----- Stored data

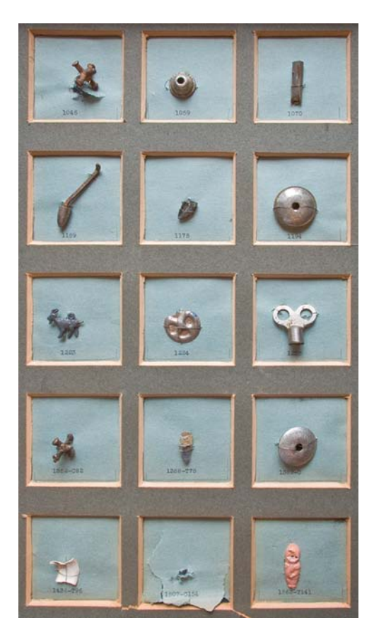
Toys and toy parts from the Chevalier Jackson Foreign Body Collection.

foreign body, whereas a faulty one balances precariously upon it.
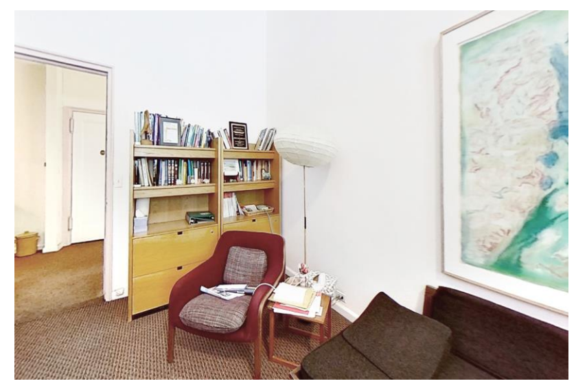
Glass Partitioned Entrance

----------

Work to complete:
Repeat the material above in full and exactly, apart from the pictures.

Result of the exercise:
Toys and toy parts from the Chevalier Jackson Foreign Body Collection.

foreign body, whereas a faulty one balances precariously upon it.
Glass Partitioned Entrance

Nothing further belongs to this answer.